THE TASK -
Copy, pictures aside: the lines below from the one that holds "Kompletní sada Premium" through the final line of the listing, both ends included, exactly as they are and nothing else.

DATASET CONTENT -
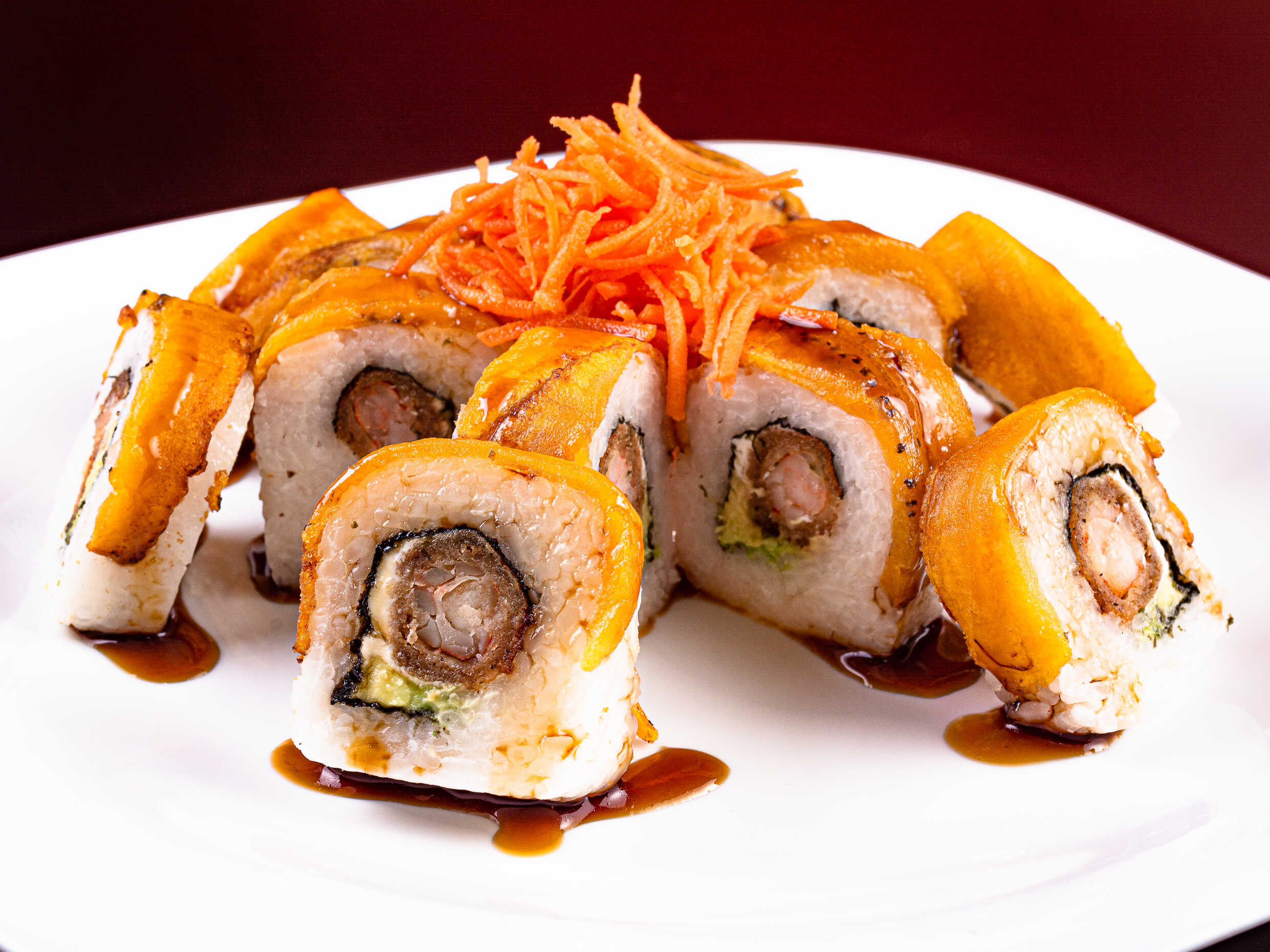 Queso crema, aguacate, camarón empanizado, por fuera plátano frito, bañado en salsa de anguila.
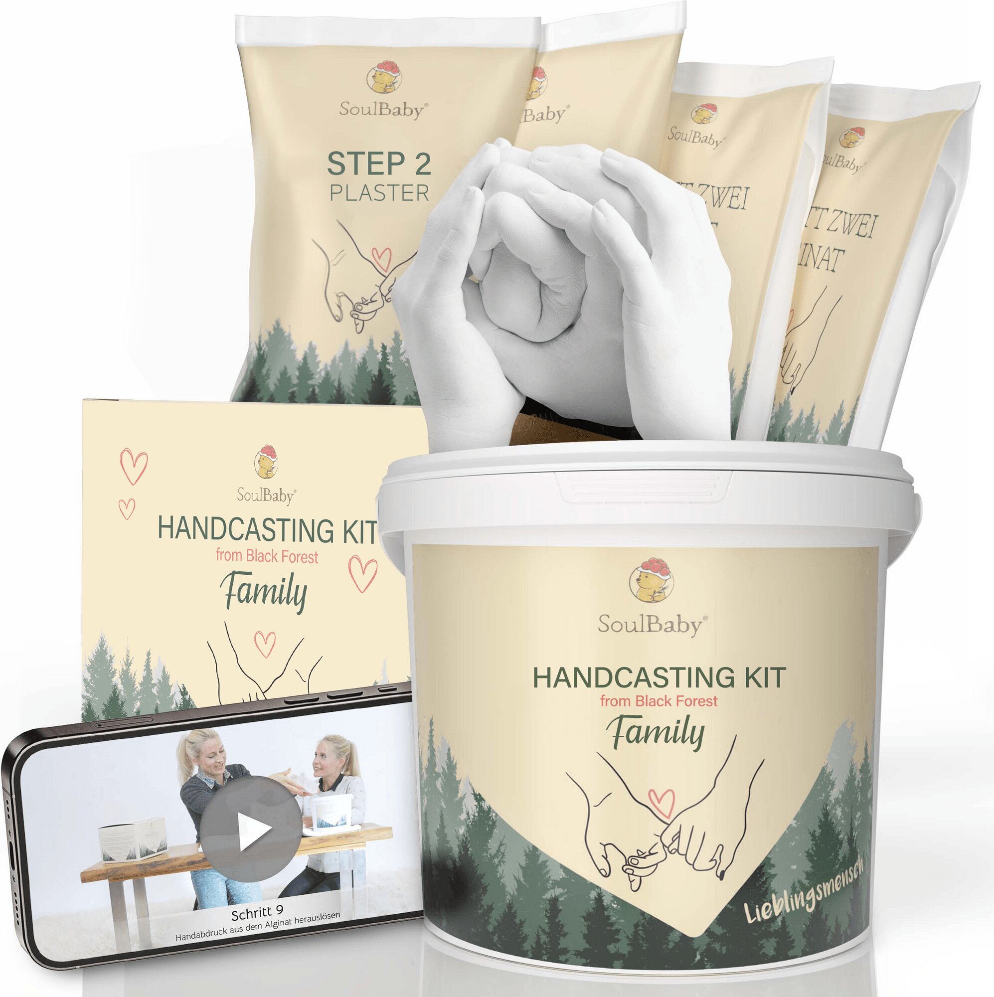 Kompletní sada Premium - máte vše, co potřebujete pro detailní odlitek ruky a společné šťastné chvíle Extra velké pro 4 - 5 rukou - díky extra velkému kbelíku, je 3D sada odlitků ideální pro 4 velké ruce a nabízí dostatek prostoru pro prvotřídní sádrový odlitek v libovolné individuální póze...
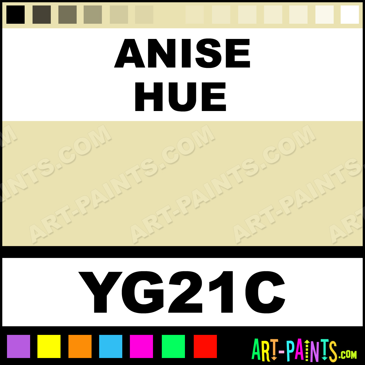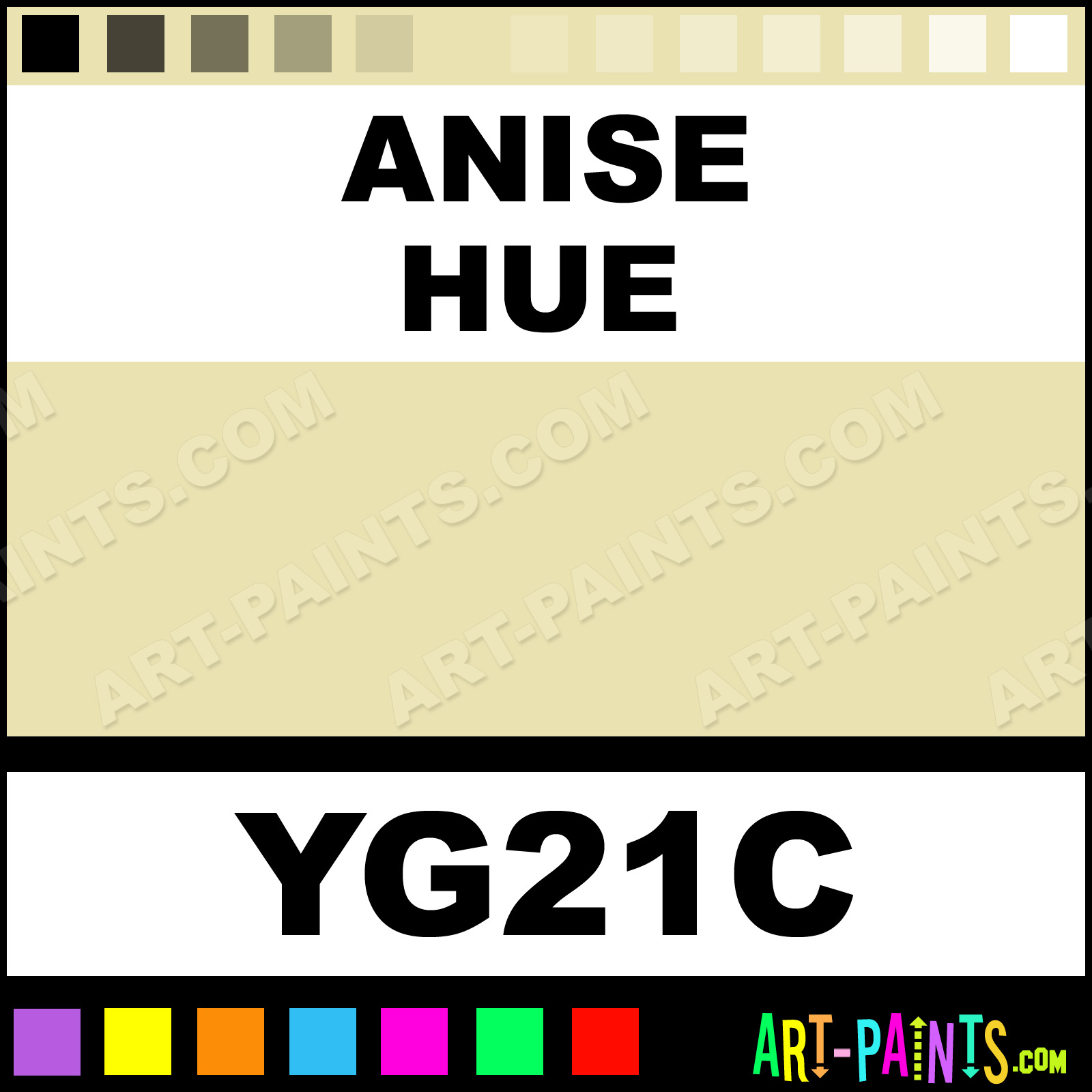 This beautiful Original Markers Paint Marker shade is called Anise, and comes from a company called Copic. Their product number, along with the HTML color code, RGB, and CMYK codes are listed below. This Beautiful Shade of Anise and other Paintmarkers can be found in the Copic Original Markers Art Paint Marking Pen Gallery! Also be sure to browse through the other wonderful Paintmarker Professional Color Galleries to see more of Copic Original Markers Paint Marker Brand Paints and other Marking Pen Paint Manufacturers. And as always, Paint Paint Paint!  -Art-Paints.com

REPLY -
 Kompletní sada Premium - máte vše, co potřebujete pro detailní odlitek ruky a společné šťastné chvíle Extra velké pro 4 - 5 rukou - díky extra velkému kbelíku, je 3D sada odlitků ideální pro 4 velké ruce a nabízí dostatek prostoru pro prvotřídní sádrový odlitek v libovolné individuální póze...
 This beautiful Original Markers Paint Marker shade is called Anise, and comes from a company called Copic. Their product number, along with the HTML color code, RGB, and CMYK codes are listed below. This Beautiful Shade of Anise and other Paintmarkers can be found in the Copic Original Markers Art Paint Marking Pen Gallery! Also be sure to browse through the other wonderful Paintmarker Professional Color Galleries to see more of Copic Original Markers Paint Marker Brand Paints and other Marking Pen Paint Manufacturers. And as always, Paint Paint Paint!  -Art-Paints.com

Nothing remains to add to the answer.